Waiting to die was excruciating, to the point I briefly considered suicide to speed up the process. I understood for the first time how afraid I really am of death, even if that fear stems from a belief that I'm not yet prepared to take that journey. Thankfully while I was off by myself R talked to the students and told them to ignore me and implored their help in starting a fire, expressing that we were inebriated on mushrooms and how grateful we would be for their assistance. They finally started a fire for us, for which I owe them a debt of gratitude. The fire very much helped to ground me and allay my fears. Ryan told them our inebriation would subside in several hours and they returned to their campsite. Being by the fire I slowly started to believe I would continue this existence.

[T+???] After some time in front of the fire I slipped into a transcendental state. I became fully immersed in the mushroom reality. I have had several level 4 tryps before, but this was my first level 5 experience. The "mushroom feeling" was now in full effect, stronger than ever. It was all the gratefulness, humility, love, connectedness, awareness of grace and awe of my previous tryps, but magnitudes greater. I had a complete loss of time sense because I was too busy with the immediate experience of living. I was caught up in the mystical, ecstatic experience the mushrooms are generous enough to provide. They truly are my greatest teacher, an invaluable gift from God. I came to appreciate and understand Buddhism far better. I perceived the real power, elegance and truth of the yin-yang symbol and how its dichotomous yet joined nature pervades everything. I understood that all life is suffering and why the Buddhist masters laugh, even despite this. I could perceive the pervasive hidden patterns running throughout existence. I learned once again that the purpose of existence is just to exist and that existence has always been there and will always be there. I could truly understand the awesome power of cooperation and love. And I was aware of how powerless I am, and how dependant upon God's grace I am. R and I talked across the campfire, sharing this amazing state - the most wonderful, honest, insightful conversations. We explored the nature of reality and each other.
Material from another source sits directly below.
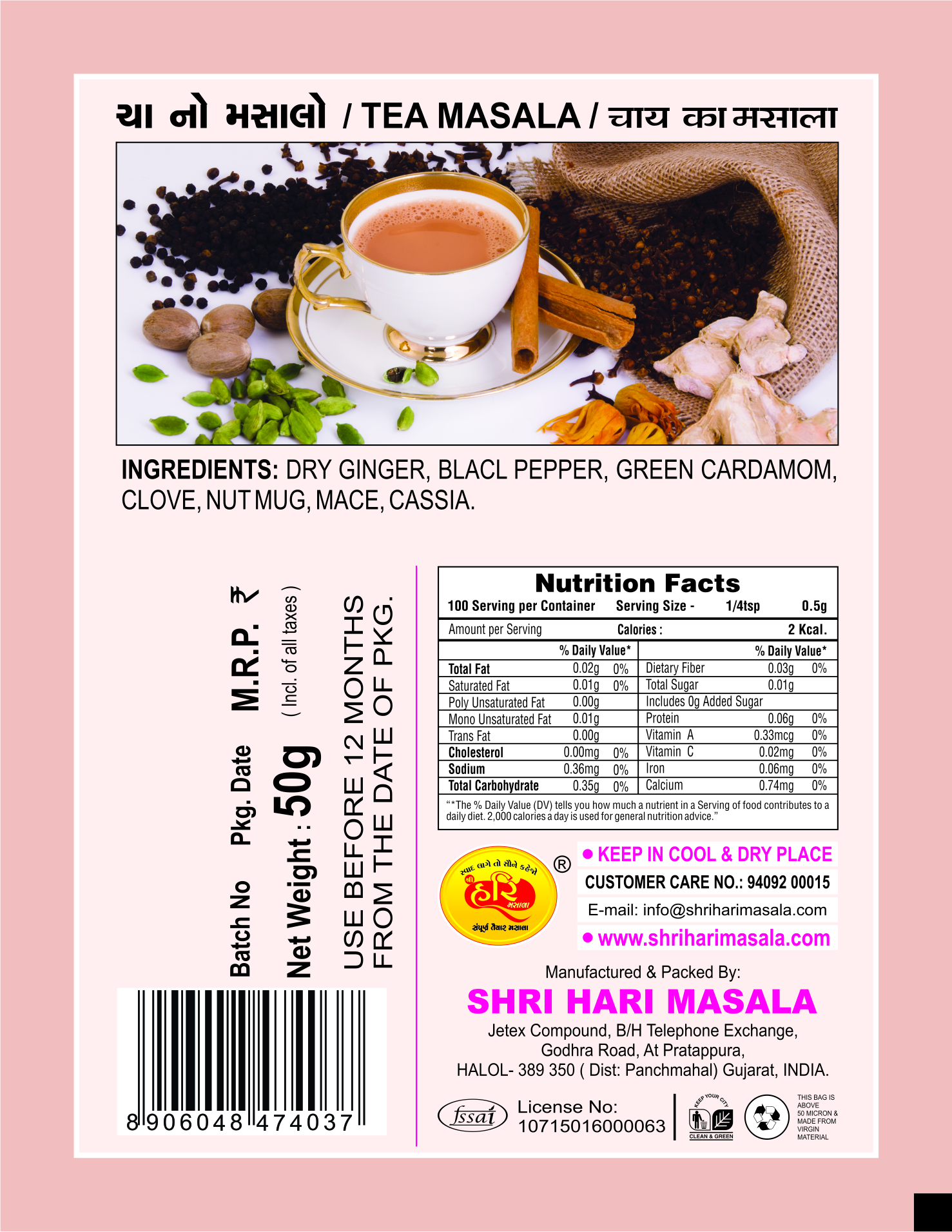 Tea Masala Shri Hari Ready To Use Tea Masala which includes allspice you do not add any masala in this masala.

[T+~4:30] As we talked the mushrooms began to fade and we slowly returned to the other, everyday, reality. Around this time the HS students returned, with video camera in tow, and we were thankful for the opportunity to document in some small way our experiences and to try to explain to them the other, mushroom, reality, despite its inherent ineffability. They must have thought we were extremely strange, but they were curious and helpful. They asked questions about the mushroom reality, which we did our best to answer. Finally, they helped us find our flashlight and left for the night. We cleaned up our campsite, ate a little, smoked some cannabis and went to bed.
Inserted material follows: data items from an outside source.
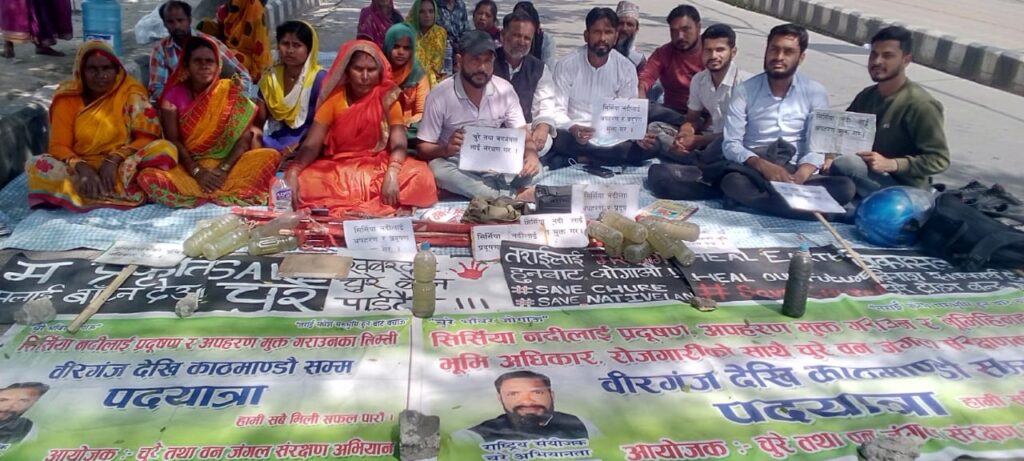 वीरगञ्जको सिर्सिया नदीलाई प्रदूषण र अतिक्रमणमुक्त बनाउन दूषित पानी लिएर ११ दिनसम्म पैदल यात्रा गर्दै काठमाडौं पुगेका अभियन्ताहरु सात दिनदेखि धर्नामा बसेका हुन् ।
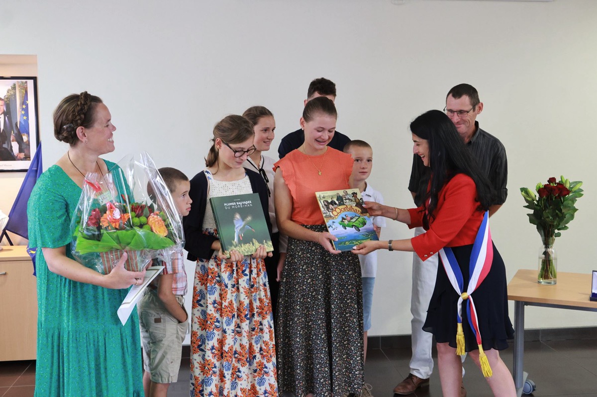 La municipalité de Campénéac a organisé une cérémonie pleine d’émotion dans la salle du conseil municipal, ce samedi 30 août. Entourée de son mari Jérôme et de leurs six enfants, Dominique Orjubin a reçu la médaille de l’Enfance et des Familles, remise au nom du préfet du Morbihan par la maire et conseillère départementale, Hania Renaudie.
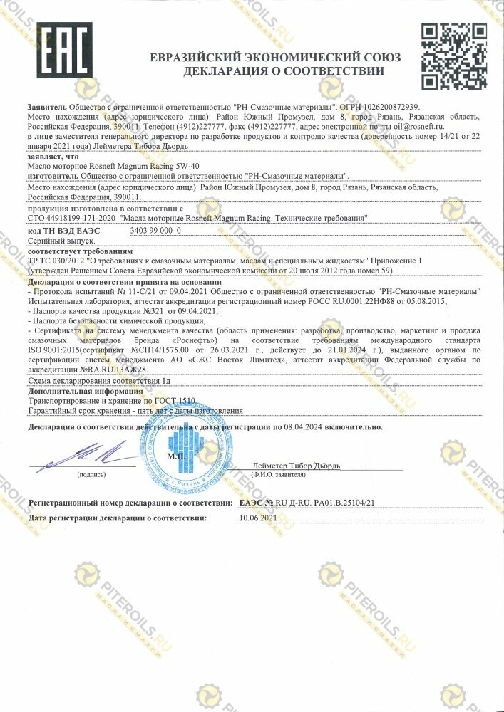 Rosneft Rn Magnum Racing 5w-40 (1л) Рнпк

Summary: This experience was the most powerful and profound in my life. The mushrooms are an incredible helper and teacher, although they may teach you things that are very hard to learn or that you may not want to learn. This tryp was both my "worst" and "best" ever. I certainly transcended everyday reality and had powerful terrifying and enlightening portions. I hope I can learn from and integrate these experiences into my everyday existence to grow to be a better person. Peace and love to you and all of creation.